Misty was so cold with fear, she couldn’t feel anything anymore. She struggled, though she knew she’d never get away. Paul had been out making deliveries, and Misty really didn’t know where he was. She’d called him before she’d called Graham, but she’d had to leave a voice mail, telling Paul to lie low. Paul had hiding places, but Misty didn’t know where all of them were.

Flores held her in place, the prison tatts on his fingers up close and personal. Behind him, his friends were smashing up her flower shop. Baseball bats smacked into the clear glass refrigerator doors that held her stock; pots filled with arrangements were thrown against the counter. Glass splintered and flew; the flowers, innocent, scattered everywhere. Broken stems and a river of petals littered the floor.

The gang boys got into the refrigerators and smashed the vases there to the floor. Water gushed across the cement and tile along with all the flowers. Cool, dank air, scented with roses, carnations, calendulas, daisies, and baby’s breath wafted across the shop.

“You know you aren’t walking out of here,” Flores said. “You might as well tell me where he is.”

Misty didn’t bother to answer. If she would die here, the last thing she’d do would be to keep her little brother, Paul, safe. She’d taken care of him all her life, and she wasn’t about to stop now.

“I don’t think you understand,” Flores said. “It won’t be easy. You’ll be in so much pain by the time we’re done with you, you’ll be begging to die.”

Fine, then Misty would beg to die.
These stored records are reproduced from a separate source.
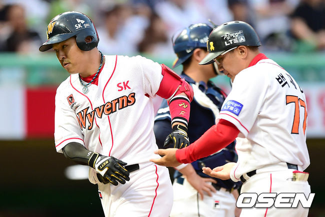 3회말 무사에서 SK 나주환이 좌월 솔로 홈런을 치고 홈에서 백재호 코치와 하이파이브를 하고 있다.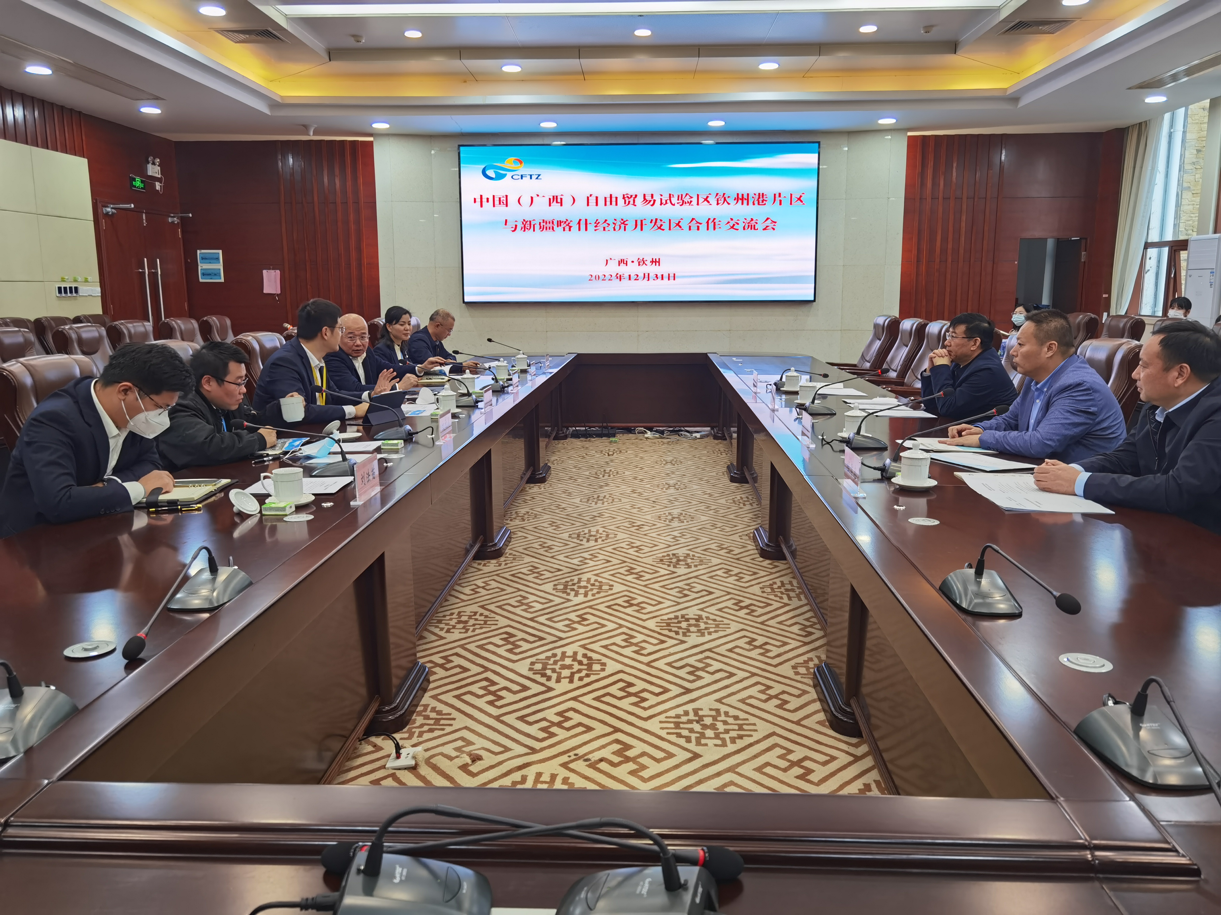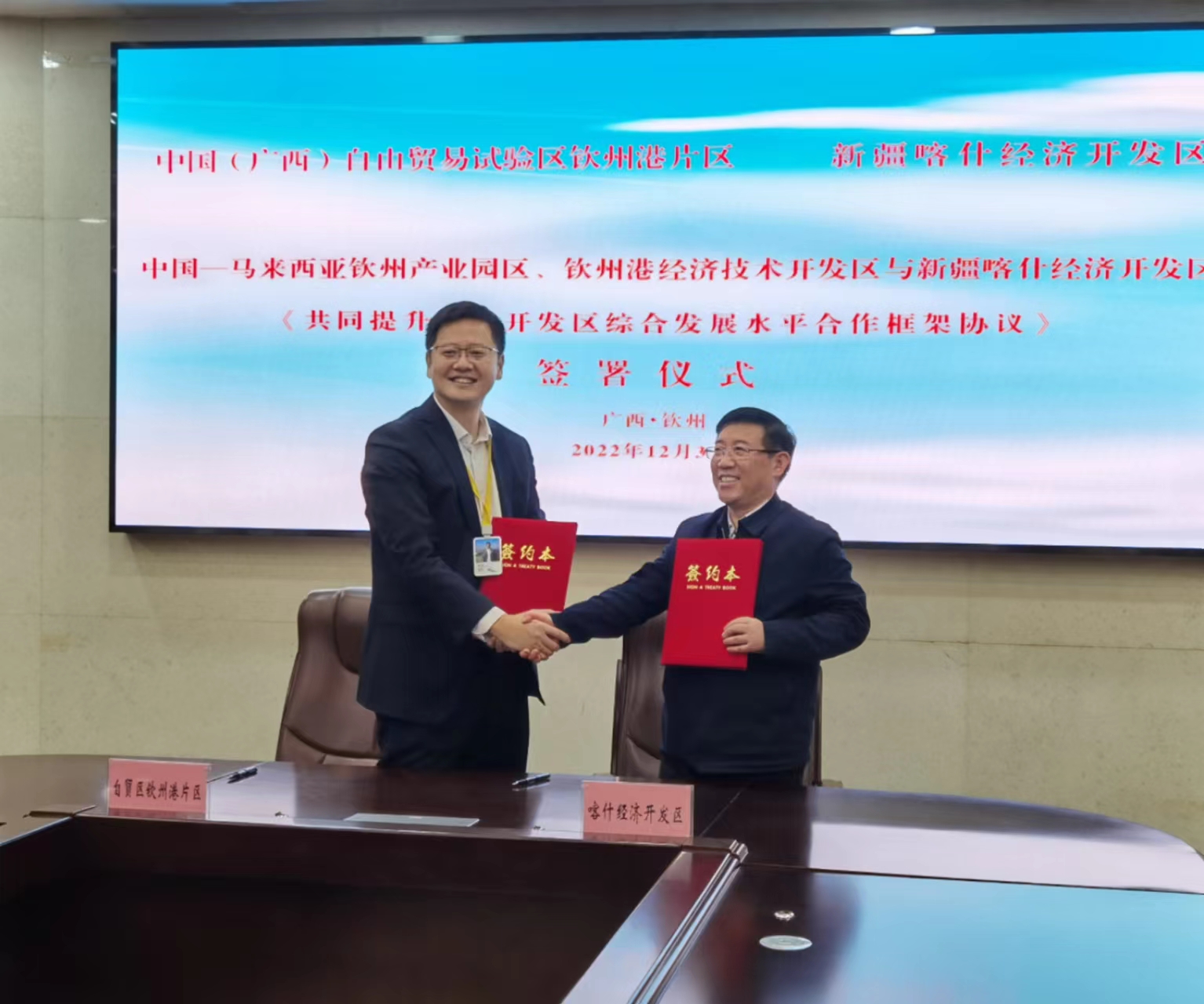 喀什地区积极对外宣传推介,利用今冬明春喀什地区招商小分队赴内地招商的契机,经过前期多方联系对接洽谈,喀什经济开发区与中国(广西)自由贸易实验区钦州港片区管理委员会达成了合作共识,2022年12月31日签定战略合作协议,喀什地区行政公署党组成员、喀什经济开发区党工委书记曲连东、中国(广西)自由贸易实验区钦州港片区管理委员会副主任刘祥、喀什经济开发区城东金融贸易区管理服务中心主任王小宁、喀什经济开发区招商局副局长刘国、喀什经济开发区综合保税区管理委员会副主任程孝忠出席签约仪式。此次签约,将进一步加强开发区之间的交流与合作,促进双方进一步经济发展,实现合作共赢。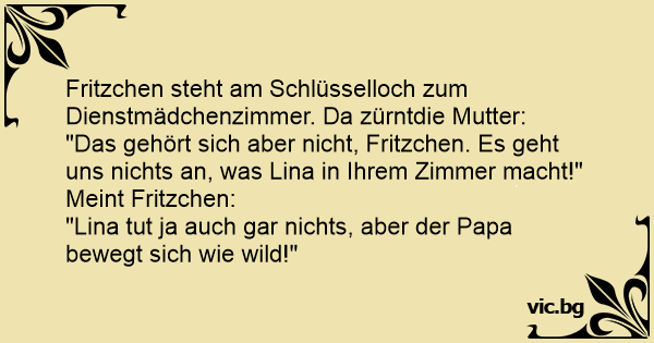 Fritzchen steht am Schlüsselloch zum Dienstmädchenzimmer. Da zürntdie Mutter:

At least she’d been able to hear Graham’s gruff, take-no-shit Shifter voice one last time. She thought about his strength, the tatts of fire on his arms, his hard face, and buzzed dark hair. Everyone thought Graham too tough, too mean, and too wild to tame, but Misty had seen what was in his eyes when he was around the two orphaned wolf cubs in his pack.
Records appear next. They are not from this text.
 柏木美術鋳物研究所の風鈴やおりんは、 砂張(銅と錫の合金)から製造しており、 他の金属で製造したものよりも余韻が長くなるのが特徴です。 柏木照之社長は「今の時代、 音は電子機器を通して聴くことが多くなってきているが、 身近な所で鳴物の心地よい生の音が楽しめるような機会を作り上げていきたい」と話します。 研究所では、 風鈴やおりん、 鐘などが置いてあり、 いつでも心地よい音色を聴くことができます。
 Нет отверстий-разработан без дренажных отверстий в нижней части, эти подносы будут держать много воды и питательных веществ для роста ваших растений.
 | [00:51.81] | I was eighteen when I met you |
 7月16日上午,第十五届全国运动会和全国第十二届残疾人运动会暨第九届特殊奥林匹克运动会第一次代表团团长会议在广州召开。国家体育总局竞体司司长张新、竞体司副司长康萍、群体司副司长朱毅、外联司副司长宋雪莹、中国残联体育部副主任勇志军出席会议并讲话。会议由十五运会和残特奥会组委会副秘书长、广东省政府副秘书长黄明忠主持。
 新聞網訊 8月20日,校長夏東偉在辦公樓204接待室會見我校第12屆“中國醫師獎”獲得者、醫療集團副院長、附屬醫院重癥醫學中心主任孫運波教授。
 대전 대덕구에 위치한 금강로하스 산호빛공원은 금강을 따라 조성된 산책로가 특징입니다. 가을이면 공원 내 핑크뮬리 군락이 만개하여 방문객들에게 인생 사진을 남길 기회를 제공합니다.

She’d started to tell Graham the secret inside her heart when the man with the callused fingers had snatched away her phone.

They were going to do whatever they wanted with her, and Misty would die. She was scared, but at least Paul had gotten away, and Graham’s voice had given her strength to face what she had to.
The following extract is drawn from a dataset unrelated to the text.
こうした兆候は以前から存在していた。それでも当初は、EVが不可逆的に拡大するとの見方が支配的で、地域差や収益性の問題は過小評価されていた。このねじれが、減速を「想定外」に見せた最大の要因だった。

Not that she’d give up without a fight. Go down swinging, her dad had liked to say. He should know; he’d had to fight for everything his entire life.

The men in her store—five of them—were armed, carrying pieces stuffed into back holsters, knives in boots and on belts. Misty had nothing but her fists and her flowers.

“Cops’re coming,” one of the men by the door said.

Misty heard sirens. Probably Pedro at the convenience store across the lot had seen the break-in and called the police. But Misty knew better than to relax and be thankful the police were on their way. There would be a standoff, probably a gun battle, and someone would be shot. Most likely Misty.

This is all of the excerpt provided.